The Windows Live Hotmail team has released a new feature to make life for people using ‘throwaway email accounts’ easier. With this feature it is possible to add up to 15 aliases (5 per year) to an existing account: mail received through these aliases will arrive in your central inbox.
One of the reasons for introducing this is that maintaining multiple accounts with separate logins and passwords is a hassle, but people who use email a lot still want to use separate email addresses for various purposes. This has now been made possible: you can use separate email addresses as an alias for your main account without exposing that main account’s email address. When the feature is available in your Hotmail account, you can add an alias through this screen:
The email received through that alias will be put in a separate folder.

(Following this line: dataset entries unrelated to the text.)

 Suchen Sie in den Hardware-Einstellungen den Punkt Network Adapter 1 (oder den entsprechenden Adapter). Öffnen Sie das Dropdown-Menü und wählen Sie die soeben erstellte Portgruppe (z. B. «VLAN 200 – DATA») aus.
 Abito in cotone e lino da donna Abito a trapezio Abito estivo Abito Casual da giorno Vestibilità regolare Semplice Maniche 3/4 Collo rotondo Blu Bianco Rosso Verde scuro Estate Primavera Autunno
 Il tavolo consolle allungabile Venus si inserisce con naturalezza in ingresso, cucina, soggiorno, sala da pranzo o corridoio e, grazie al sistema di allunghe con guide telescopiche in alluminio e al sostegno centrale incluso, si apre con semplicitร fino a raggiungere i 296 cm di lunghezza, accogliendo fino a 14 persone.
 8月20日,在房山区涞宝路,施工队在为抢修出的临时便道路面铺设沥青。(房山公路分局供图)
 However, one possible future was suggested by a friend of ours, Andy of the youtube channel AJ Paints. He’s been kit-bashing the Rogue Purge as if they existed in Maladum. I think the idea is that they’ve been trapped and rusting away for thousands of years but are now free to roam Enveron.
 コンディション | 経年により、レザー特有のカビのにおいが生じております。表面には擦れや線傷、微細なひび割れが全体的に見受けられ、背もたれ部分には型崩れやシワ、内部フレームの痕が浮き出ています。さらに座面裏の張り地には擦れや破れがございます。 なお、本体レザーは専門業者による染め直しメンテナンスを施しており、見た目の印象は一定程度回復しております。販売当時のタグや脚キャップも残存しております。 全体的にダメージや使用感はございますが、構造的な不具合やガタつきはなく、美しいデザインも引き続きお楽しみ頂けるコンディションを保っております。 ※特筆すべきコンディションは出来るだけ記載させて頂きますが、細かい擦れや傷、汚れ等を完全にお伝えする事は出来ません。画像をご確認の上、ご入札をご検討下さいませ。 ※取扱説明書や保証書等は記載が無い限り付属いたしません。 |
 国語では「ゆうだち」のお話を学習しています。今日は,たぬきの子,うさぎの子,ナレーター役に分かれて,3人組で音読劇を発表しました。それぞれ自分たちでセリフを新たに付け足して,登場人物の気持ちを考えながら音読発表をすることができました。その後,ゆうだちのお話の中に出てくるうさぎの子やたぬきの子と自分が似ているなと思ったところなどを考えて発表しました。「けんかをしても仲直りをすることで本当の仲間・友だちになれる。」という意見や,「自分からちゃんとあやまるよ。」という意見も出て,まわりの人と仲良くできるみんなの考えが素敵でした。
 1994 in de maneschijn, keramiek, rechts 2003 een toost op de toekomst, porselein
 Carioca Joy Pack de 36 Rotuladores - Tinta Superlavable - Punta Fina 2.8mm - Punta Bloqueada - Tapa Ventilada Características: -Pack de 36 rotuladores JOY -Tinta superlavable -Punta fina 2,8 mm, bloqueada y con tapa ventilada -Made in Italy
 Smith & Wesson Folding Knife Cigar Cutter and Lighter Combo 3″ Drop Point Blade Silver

Another reason for this new feature is the protection of one’s online identity: you might not want to use your personal name-as-email-address with certain online shops, forums or other signup places. This way you can make sure you separate your streams of email in one central account.
With the new aliases I can see a disadvantage too: signing up for so many different things the total amount of email you receive might grow alarmingly, which could mean less time spent per email reading and responding to it. About four months ago I already posted about crowded inboxes and how to avoid them: getting a bunch of aliases set up for receiving more email on different email addresses could result in the opposite of a manageable inbox.
For email marketers this can pose a two-fold challenge as well: how to keep up with all those new email addresses in a correct manner, and how to make sure the time a subscriber spends on email is hopefully spent as much as possible on your carefully crafted email. Some tips for the last part are to focus on value and privacy: if a potential subscriber trusts you with their ‘main’ email address and will think it worth it to receive your email messages on that ‘main’ email address, you’re already halfway there.